YAMS-first workflow (until watch/track is available) - Always search the codebase with YAMS (search/grep). Do not use system grep/find/rg for repository queries. - After editing code, re-index affected files or directories via yams add (pre-watch workflow). - Use –paths-only for path lists you can pipe into further commands or editors. - Prefer –include with comma-separated patterns (e.g., “.cpp,.hpp,*.h”) to bound searches and indexing. - Retrieve exact files for review with yams get –name -o . - Keep tags consistent (e.g., code,source; code,headers; code,working) and update metadata with yams update as needed.

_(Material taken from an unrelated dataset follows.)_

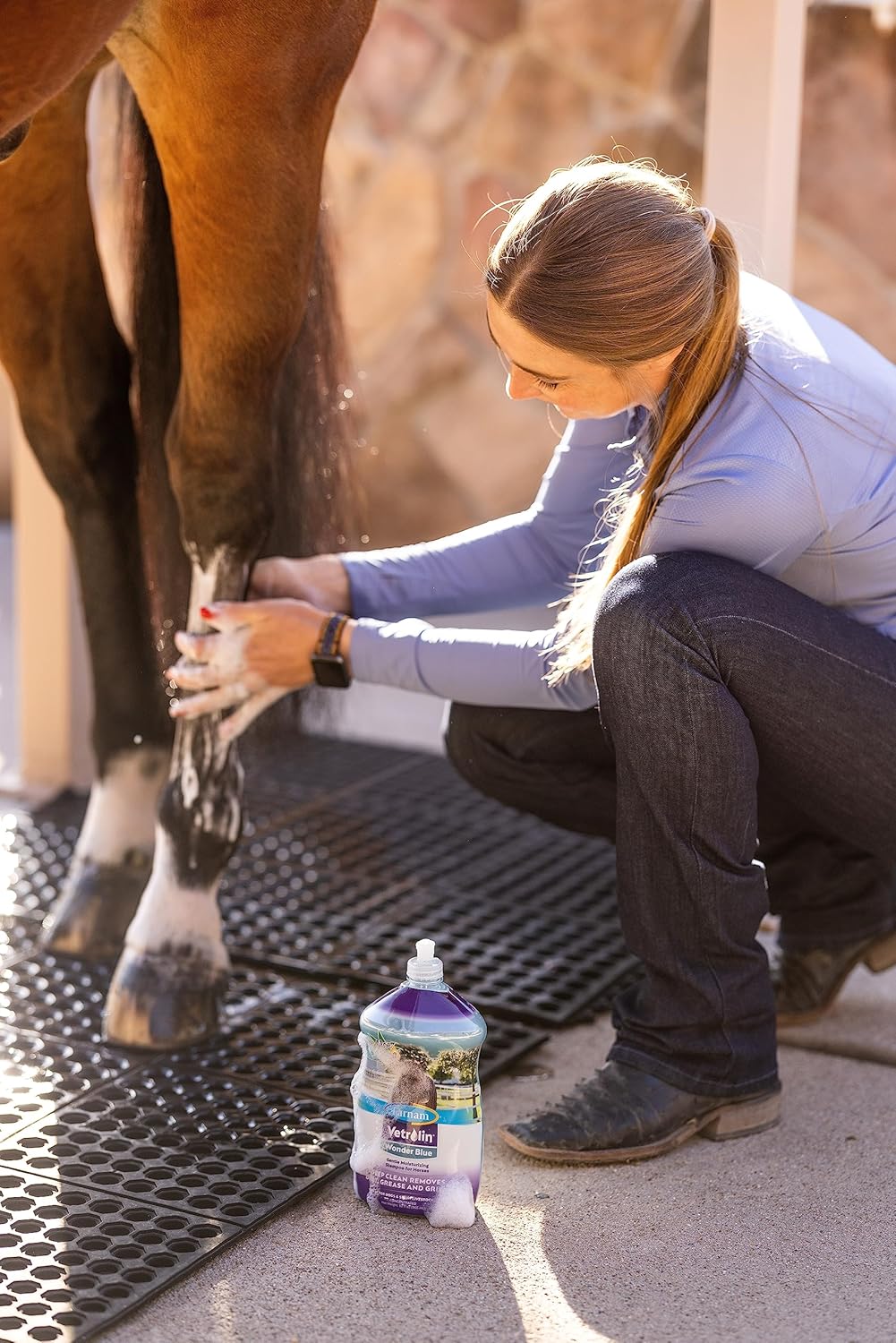 Farnam Vetrolin Wonder Blue is a gentle, moisturizing shampoo for horses. It deep cleans to remove dirt, grease and grime. It is a premium equine moisturizing shampoo and contains Aloe Vera.

  • Use –json where supported to integrate with scripts and tools.
  • Specify a storage directory explicitly with –storage or via YAMS_STORAGE to keep data separate for testing vs production.
  • When available, use –help –verbose for detailed per-command help, or yams –help-all for the full reference in the terminal.